New natural molecule better than morphine to be tested on humans

Opiorphin represents a new class of potent and safe painkiller.

A new molecule, opiorphin, that treats pain as effectively as morphine without the serious side effects has been discovered by Catherine Rougeot, Director of Research at Institut Pasteur.

Researchers from Paris-Sud University and Inserm, founding members of Université Paris-Saclay, looked into the benefits of opiorphin in a postoperative animal pain model, in collaboration with the Institut Gustave Roussy, Bicêtre Hospital in Paris, and the Institut Pasteur.

They found that opiorphin, a peptide naturally produced by our body, avoids the most feared effect of morphine; respiratory failure due to a lack of stimulation to breathe, causing death.

Opiorphin has already been proven to avoid dependence and constipation, but unlike morphine – which is fixed to multiple receptors in the body and multiplies the risks of side effects – opiorphin only acts where there’s a painful stimulus.

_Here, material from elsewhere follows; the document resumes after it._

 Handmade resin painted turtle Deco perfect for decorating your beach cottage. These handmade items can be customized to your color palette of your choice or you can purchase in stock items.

Indeed Opiorphin prevents the degradation of our natural morphine, enkephalins.

The new molecule also showed no adverse effect on the respiratory rate, oxygen saturation, arterial pressure or heart rate.

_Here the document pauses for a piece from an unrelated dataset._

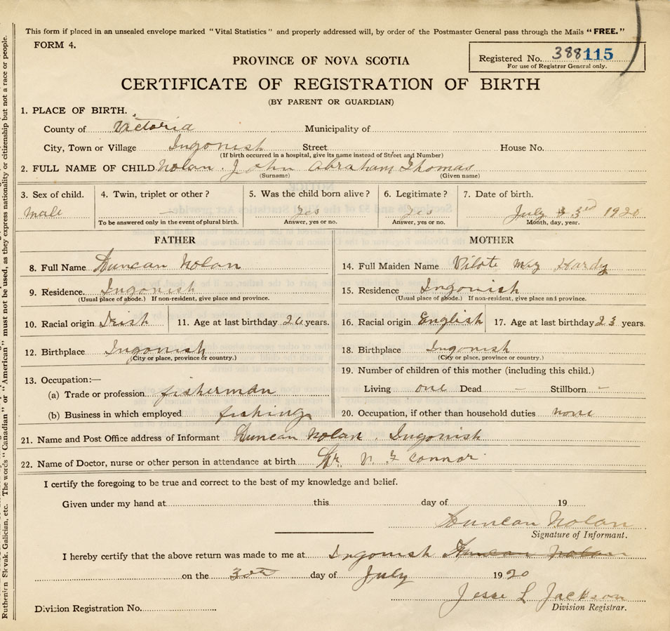 21. Name and Post Office address of Informant Duncan Nolan Ingonish

“Relieving pain after surgery is as essential as it is delicate,” says Dr Philippe Sitbon from Paris-Sud University. “Morphine and its derivatives are the most powerful pain-killers used today, but tolerance can set in quickly. A classic solution is to increase the dosage and therefore the side effects associated with the drug, like serious breathing problems that can lead to death, confusion, somnolence, nausea, vomiting, and constipation.

“Opiorphin and its stable form STR-324, which will be developed in humans and shows the same analgesic properties, represents a new class of potent and safe painkiller.”

STR-324 could also come to relieve other kinds of pain, such as neuropathic pain that is often difficult to ease by conventional analgesics.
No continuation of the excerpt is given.